In their conversation last week, Rosa agreed that “the work has to continue,” White says, which along with Elia’s more positive response to the district’s revised action plan, he takes as a strong indicator that the threat of a state takeover has receded.
Perhaps, but the city quickly announced plans to appeal Odorisi’s ruling.
In an online post addressed to the city’s children, Warren called the ruling “a grave injustice” and “the most recent example where adults twist and abuse the law to protect themselves.” Court filings “never even once” mentioned the children of the district or their parents in the court filings. The case was not about children but “about denying children the right to succeed.”
Work to be done
In an afternoon press availability, Dade declined to comment on the court decision, which came in response to a case filed by the RCSD. The dispute is between the school board and the mayor, and does not directly involve him, the superintendent said.

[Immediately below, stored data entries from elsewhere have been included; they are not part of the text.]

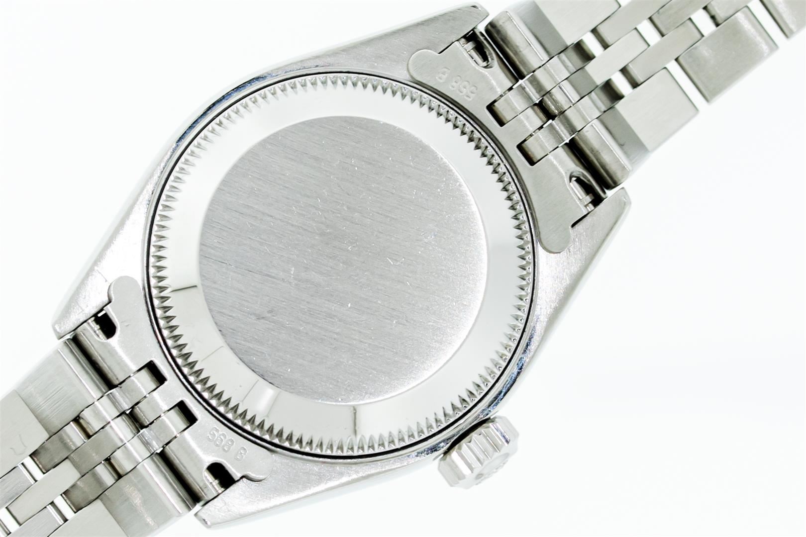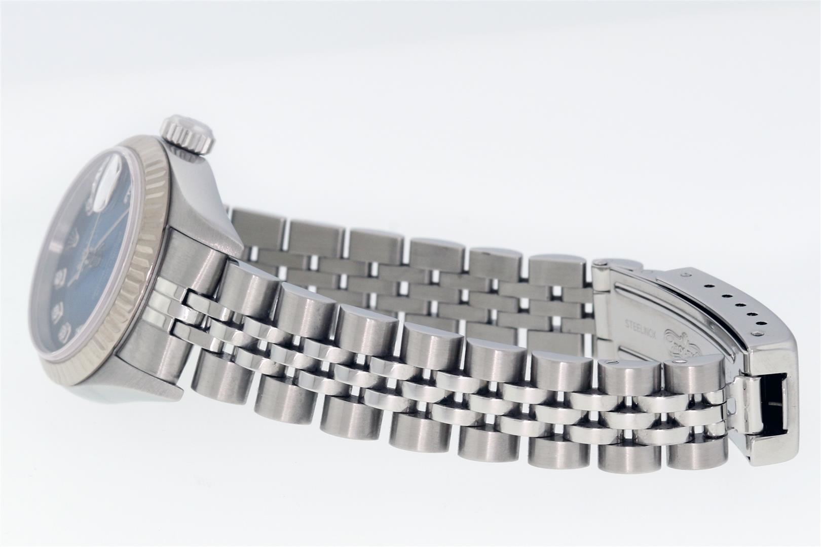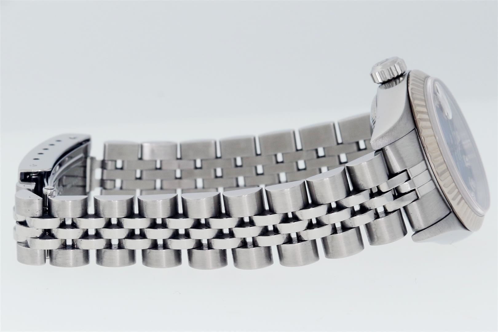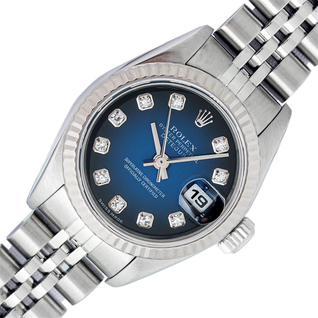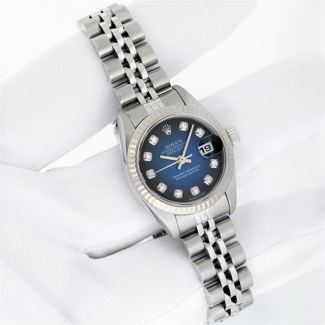 One Ladies Pre Owned Quickset Stainless Steel Rolex Datejust Polished Bright with Satin Finish, Serviced & Electronically Tested, Stainless Steel Case: 26mm, Rolex Stainless Steel Crown, Rolex Bezel: 18K White Gold Fluted Bezel. Custom Crystal: New Sapphire With Magnified Date Window. Custom Hands: New Hands. Rolex Movement: Automatic Winding Movement 2235. Custom Dial: Refinished To Blue Vignette With Custom Added Diamond Hour Markers, Diamond Count: 10 Diamonds On Dial. Date Window: 3 O'Clock Position Date Display, Model: Quickset Datejust. Condition: G-6 Extra Fine. Rolex Bracelet: Stainless Steel Jubilee Band. Bright Polish & Satin Finish. 6.0 Inch Length, Adjustable. Standard Clasp, With Rolex Logo. This Watch Has Been Serviced Time Tested And Is In Excellent Condition It Is Free Of All Scratches And Dents.
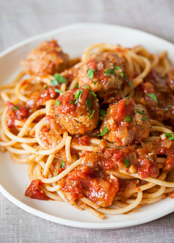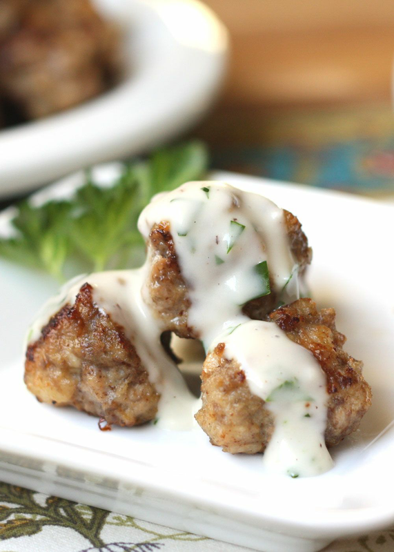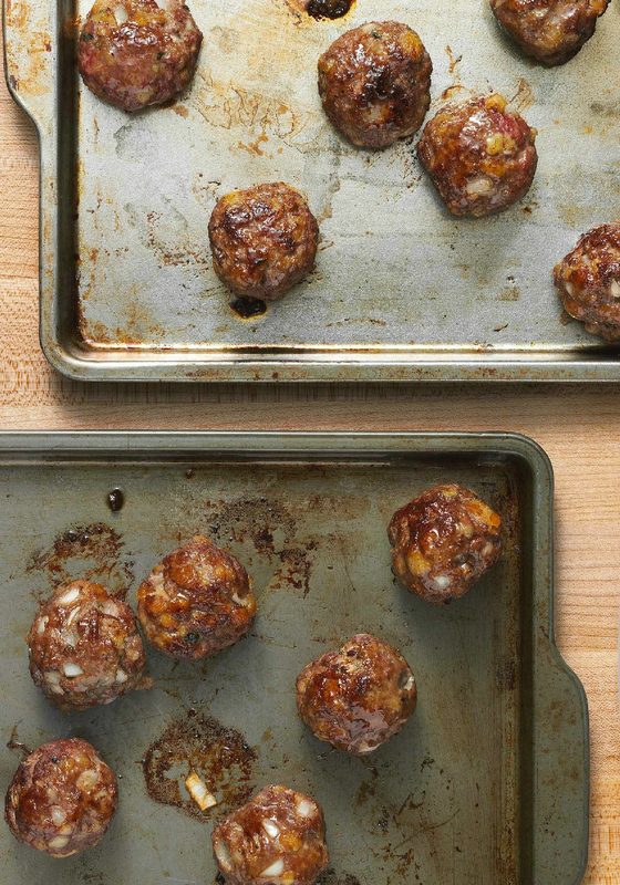 2 slices bacon, minced 2 garlic cloves, minced 2 large eggs 1/2 cup bread crumbs 1 1/2 teaspoons salt 1 1/2 pounds ground pork 2 teaspoons dried oregano or finely chopped fresh mint 1-2 teaspoons chipotle powder (or a couple teaspoons of adobo sauce) 2 Tbsp olive oil 1 medium onion, chopped, about 1 cup 3 garlic cloves, minced 1-3 chipotles chiles in adobo (canned), minced fine and sauce reserved 1 28-ounce can crushed tomatoes (preferably fire-roasted) 1 teaspoon dried oregano 1/2 cup beef or chicken broth 1 Preheat oven to 400°F.
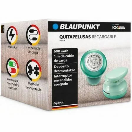 Blaupunkt BP5018 es un quitapelusas recargable para ropa y tapicerías’con depósito desmontable, tapa protectora, interruptor ON/OFF y’puerto de carga USB. Funciona con batería Ni-MH de 2,4 V (2×600’mAh) e incluye cable de carga de 1 m para un uso cómodo y continuo’en el hogar.
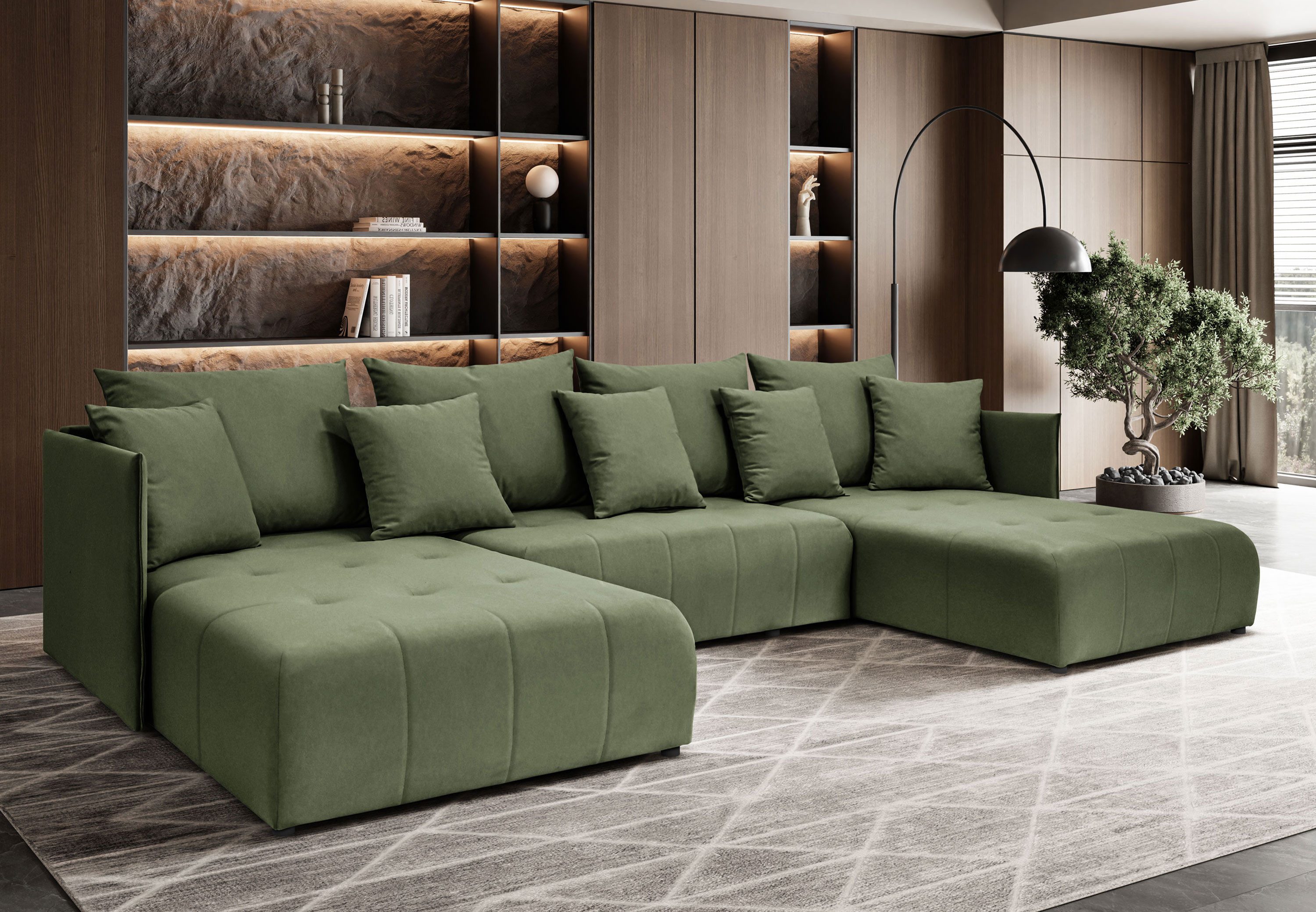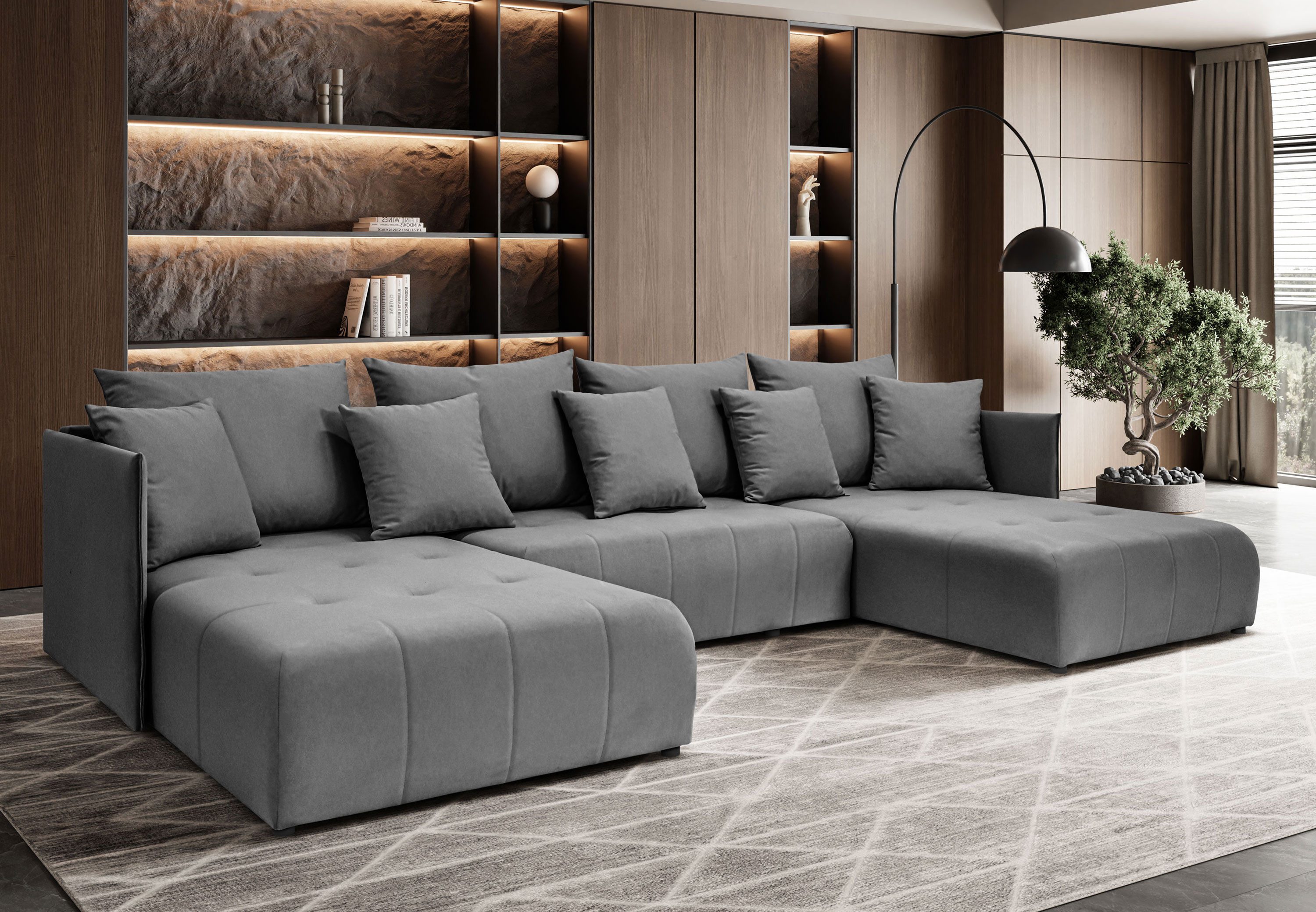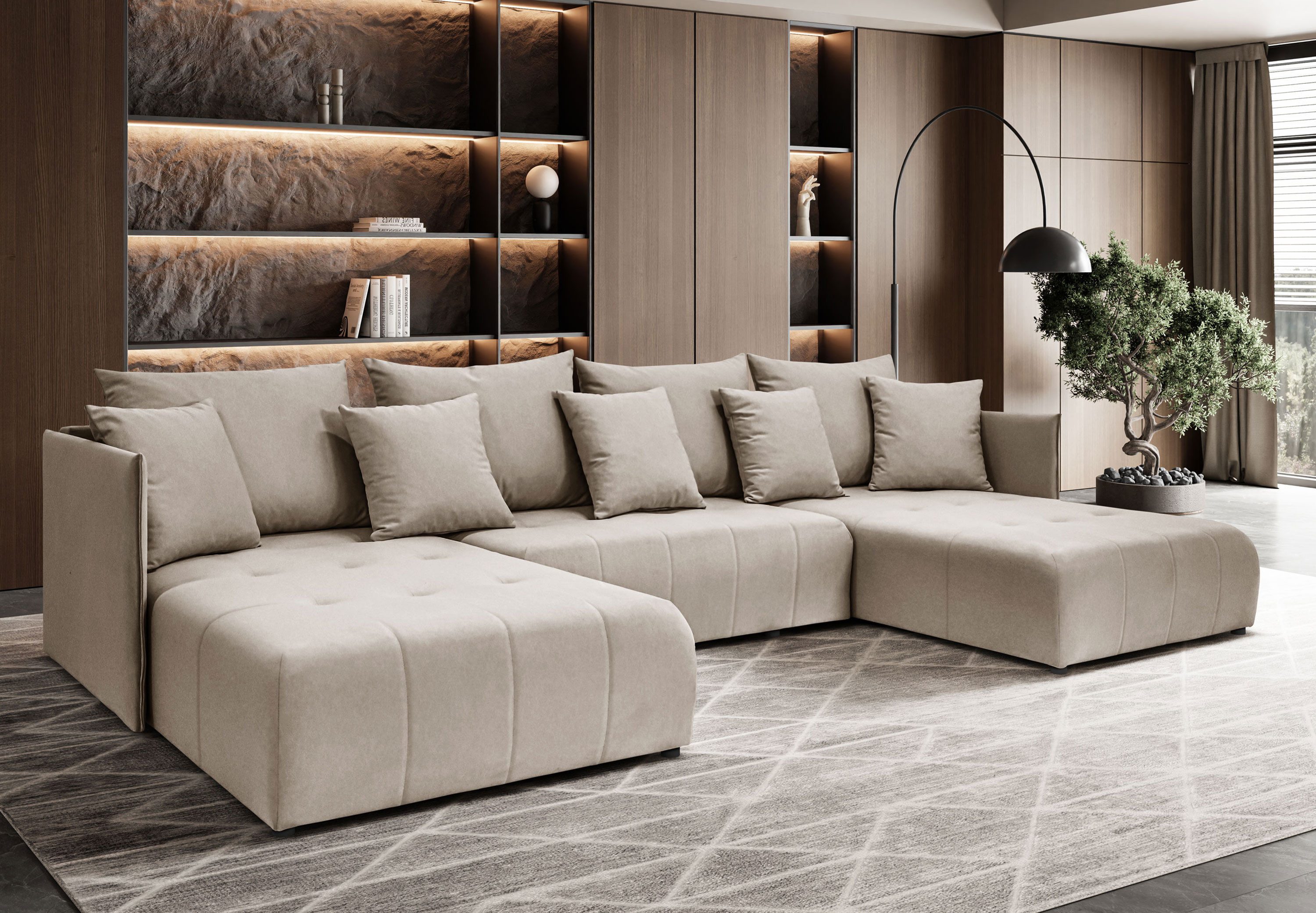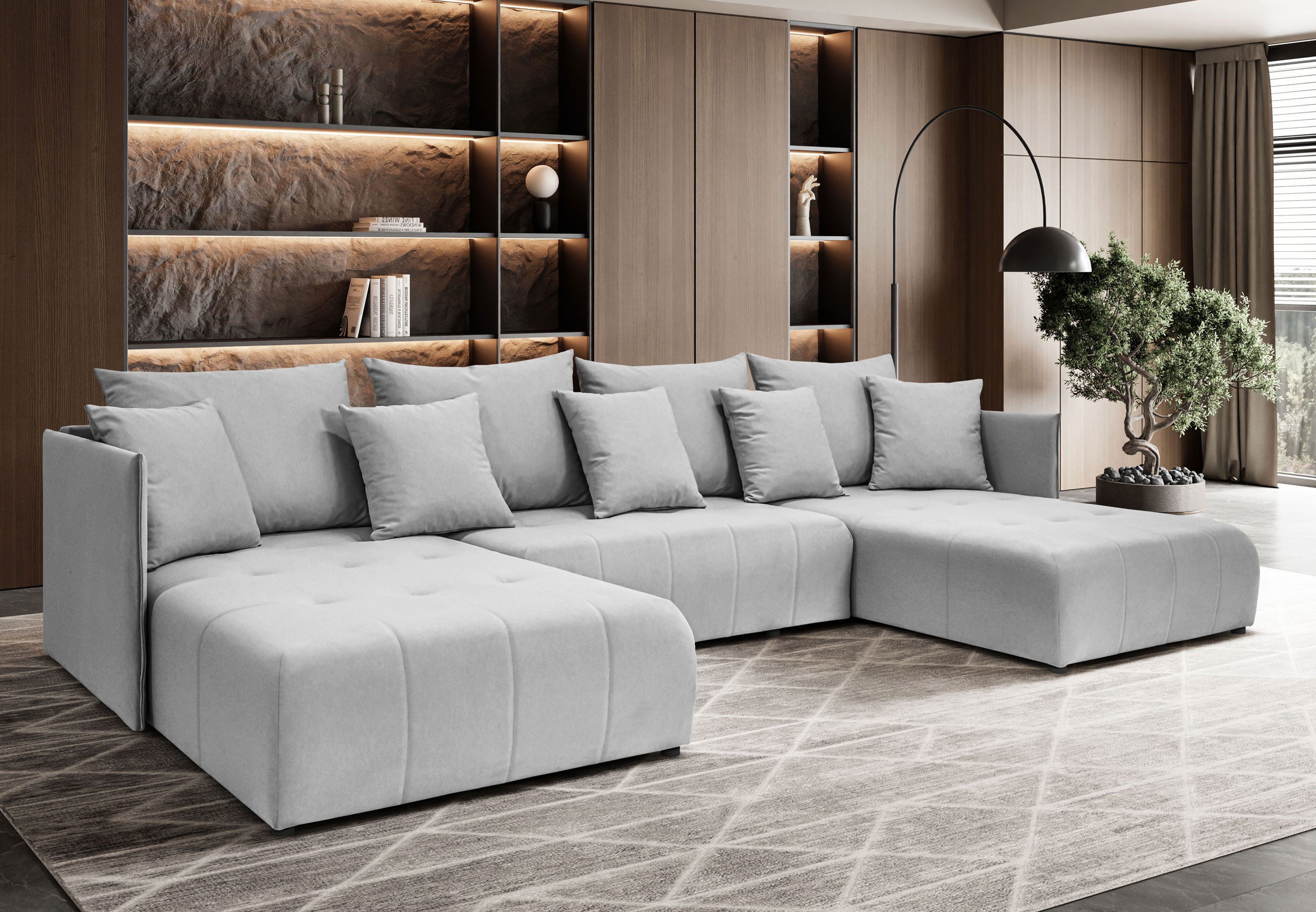 Das Ecksofa APOLLO ist eine harmonische Verbindung von Stil und Praktikabilität, die sich perfekt in verschiedene Innenraumgestaltungen einfügt. Gefertigt aus hochwertigem Stoff verleiht es dem Raum Klasse und Behaglichkeit. Seine U-Form bietet viel Platz zum Entspannen und schafft eine komfortable Relaxzone für die ganze Familie. Daher eignet es sich hervorragend für größere Räume und verleiht ihnen einen eleganten Charakter.
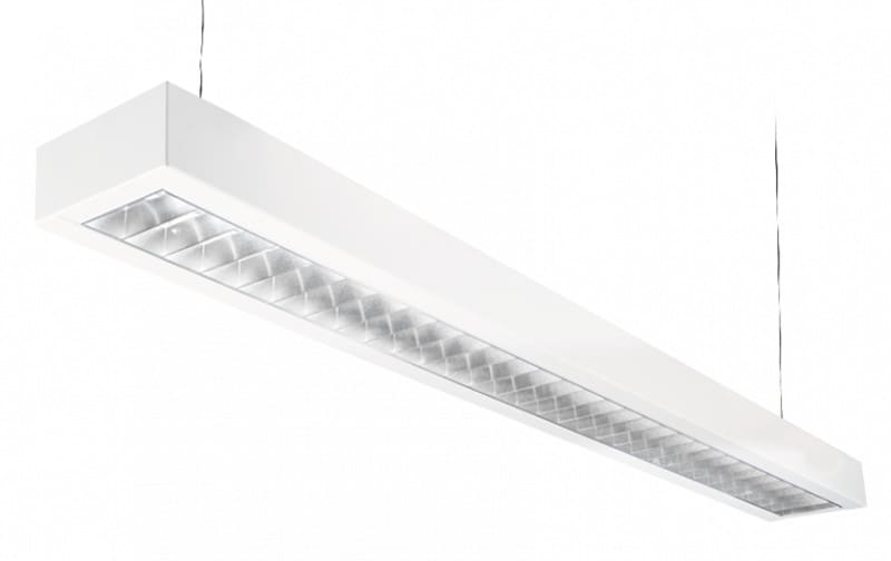 Pinta/ripustusvalaisin, 3000K tai 4000K. Useita tehovaihtoehtoja 1200mm ja 1500mm pituuksilla. Valkoiseksi jauhemaalattua terästä. Alumiininen kaksoisparabolinen satiinimatta matalaluminassiritilä, ei himmennettävä ja himmennettävä (DALI). Valojako suora ja suora/epäsuora. Suoran valonjaon valaisimiin ripustussarja (4223480) tilattava erikseen. Valaisinripustuskiskoasennustarvike tilataan lisävarusteena

At the same time, Dade conceded that he “had a rough start with the mayor,” calling a meeting with Warren some three weeks ago “an unfortunate occurrence.”
Not happy with Warren’s call for an appeal, White says of the court victory, “yeah, it’s good news, but nobody’s doing an end-zone dance. This is not a game and it’s not a war. We have a lot of work to do.”
Like White, Dade sees Elia’s letter as a meaningful step forward and one that should quell or at least put on hold talk of a state takeover.
Dade characterized the adjustments Elia calls for as “minor,” Still, he conceded, achieving some revisions the commissioner is calling for would involve heavy lifting, among them:
- Specify how the district will address parent perceptions of racial bias and inequality;
- Improve procedures and supervision of parent liaisons to ensure that they are not pulled to other duties and respond quickly and effectively to parent concerns; and
- Tighten central office data collection to make sure that central office has a true and up-to-date picture of what results and problems are in individual school building.
While they might not be easily achieved, those revisions are already part of his ongoing plan to improve RCSD results, Dade says, a plan that he and the school board are cooperating on.
White concurs. The board and the superintendent were on a retreat and had recently jointly attended training sessions on proper governance at Harvard University and are on a positive track, he insists.
Will Astor is Rochester Beacon’s senior writer.